DETAILED DESCRIPTION
[0014] FIG. 1 illustrates a block diagram of an exemplary kiosk
system 100 having an avatar generation engine 112 in accordance
with a possible embodiment of the invention. Various embodiments of
the disclosure may be implemented using a computer 102, such as,
for example, a general-purpose computer, as shown in FIG. 1.
[0015] The kiosk system 100 may include the computer 102, a video
display 116, and input devices 120, 122, 124. In addition, the
kiosk system 100 can have any of a number of other output devices
including line printers, laser printers, plotters, and other
reproduction devices connected to the computer 102. The kiosk
system 100 can be connected to one or more other computers via a
communication interface 108 using an appropriate communication
channel 130 such as a modem communications path, a computer
network, or the like. The computer network may include a local area
network (LAN), a wide area network (WAN), an Intranet, and/or the
Internet.
[0016] The computer 102 may comprise a processor 104, a memory 106,
input/output interfaces 108, 118, a video interface 110, an avatar
generation engine 112, and a bus 114. Bus 114 may permit
communication among the components of the computer 102.
[0017] Processor 104 may include at least one conventional
processor or microprocessor that interprets and executes
instructions. Memory 106 may be a random access memory (RAM) or
another type of dynamic storage device that stores information and
instructions for execution by processor 104. Memory 106 may also
include a read-only memory (ROM) which may include a conventional
ROM device or another type of static storage device that stores
static information and instructions for processor 104.
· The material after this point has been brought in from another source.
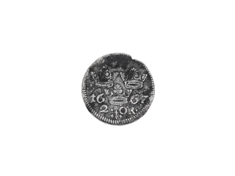 COIN, low-level silver, 2 Öre, 1667, Karl XI, diameter 20 mm, weight 1,47 g, edge damages.

[0018] The video interface 110 is connected to the video display
116 and provides video signals from the computer 102 for display on
the video display 116. User input to operate the computer 102 can
be provided by one or more input devices 120, 122, 124 via the
input/output interface 118. For example, an operator can use the
keyboard 124 and/or a pointing device such as the mouse 122 to
provide input to the computer 102. In some aspects, the camera 120
may provide video data to the computer 102.
[0019] The kiosk system 100 and computer 102 may perform such
functions in response to processor 104 by executing sequences of
instructions contained in a computer-readable medium, such as, for
example, memory 106. Such instructions may be read into memory 106
from another computer-readable medium, such as a storage device or
from a separate device via communication interface 108.
[0020] The kiosk system 100 and computer 102 illustrated in FIG. 1
and the related discussion are intended to provide a brief, general
description of a suitable computing environment in which the
invention may be implemented. Although not required, the invention
will be described, at least in part, in the general context of
computer-executable instructions, such as program modules, being
executed by the kiosk system 100 and computer 102. Generally,
program modules include routine programs, objects, components, data
structures, etc. that perform particular tasks or implement
particular abstract data types. Moreover, those skilled in the art
will appreciate that other embodiments of the invention may be
practiced in computer environments with many types of communication
equipment and computer system configurations, including cellular
devices, mobile communication devices, personal computers,
hand-held devices, multi-processor systems, microprocessor-based or
programmable consumer electronics, and the like.
[0021] Referring now to FIG. 2, the block diagram illustrates
exemplary modules of the avatar generation engine 112, as well as
an exemplary flow of data in the avatar generation engine 112. The
data flow begins with image data from the camera 120 being received
by the avatar generation engine 112. The image data is then made
available to the exemplary visual analysis modules 250.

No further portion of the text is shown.